> _AIM OF THE EXERCISE_
Every line of the material is to be transcribed verbatim, with images omitted.

DATA PROVIDED START

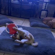 Super sweet, learning to potty train quickly, up to date on vaccines besides rabies.
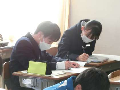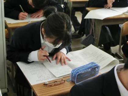 返却された定期テストの解説を聞きながら、間違えてしまった問題、理解が不十分だった問題の解き直しに取り組んでいました。年明けには学習診断テストがあります。正解でなかった問題をしっかりまとめておき、今後の学習に活かしてほしいと思います。
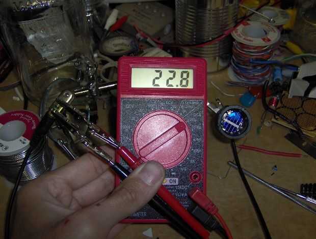 Parece que la luz de los accesorios arriba está causando la célula solar producir cerca de 20 microamperios de corriente.
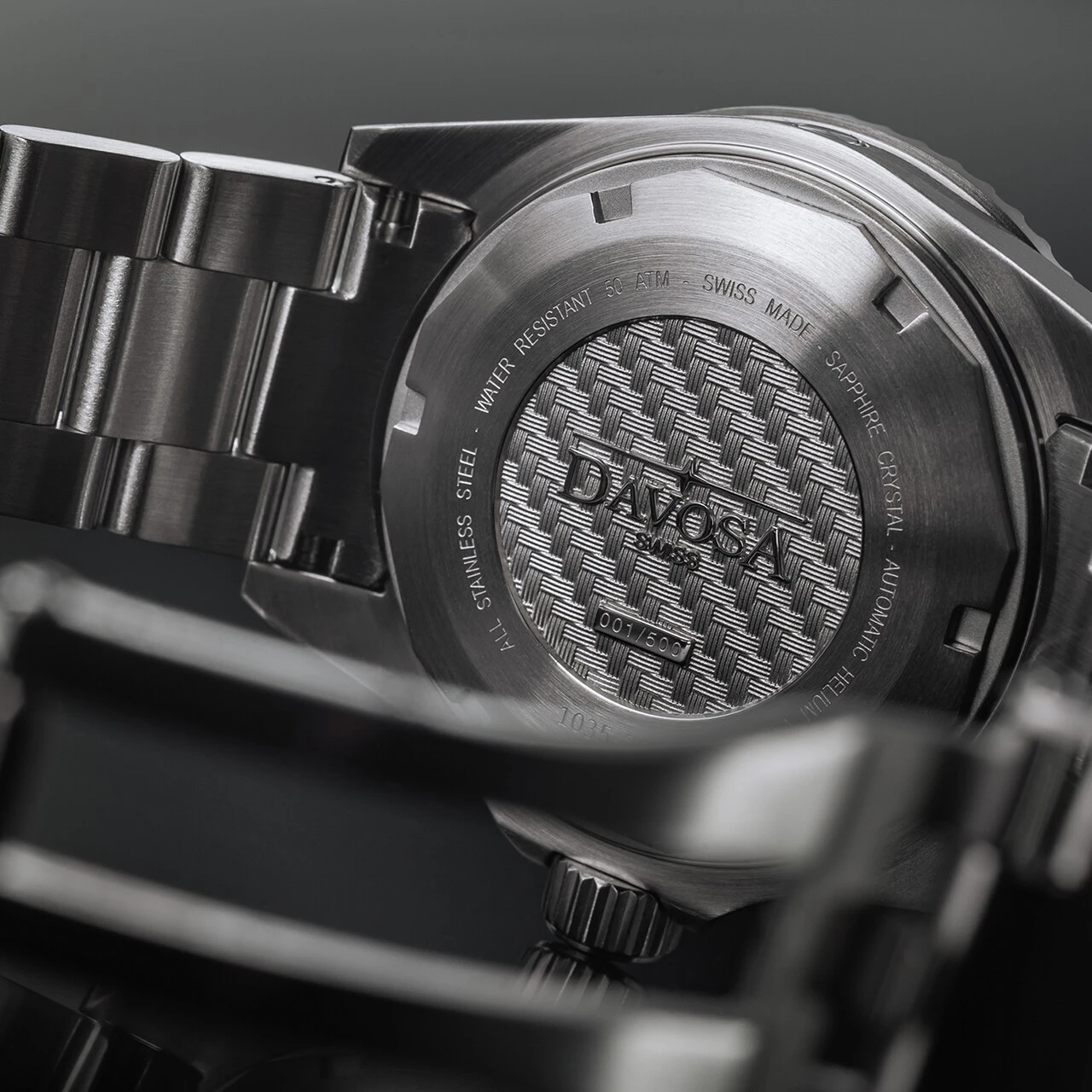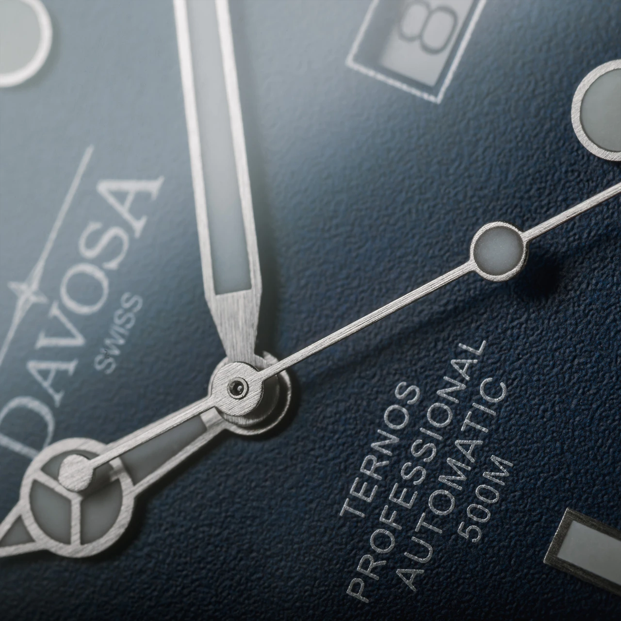 The Davosa Ternos Matt Suit Automatic proves that a matt finish can have many facets: The basis is the matt, structured dial on which the stainless steel indexes and hands with satin surfaces and the white filling made of Superluminova BGW09 stand out.Â

DATA PROVIDED END

> _ANSWER SECTION_
 Super sweet, learning to potty train quickly, up to date on vaccines besides rabies.
 返却された定期テストの解説を聞きながら、間違えてしまった問題、理解が不十分だった問題の解き直しに取り組んでいました。年明けには学習診断テストがあります。正解でなかった問題をしっかりまとめておき、今後の学習に活かしてほしいと思います。
 Parece que la luz de los accesorios arriba está causando la célula solar producir cerca de 20 microamperios de corriente.
 The Davosa Ternos Matt Suit Automatic proves that a matt finish can have many facets: The basis is the matt, structured dial on which the stainless steel indexes and hands with satin surfaces and the white filling made of Superluminova BGW09 stand out.Â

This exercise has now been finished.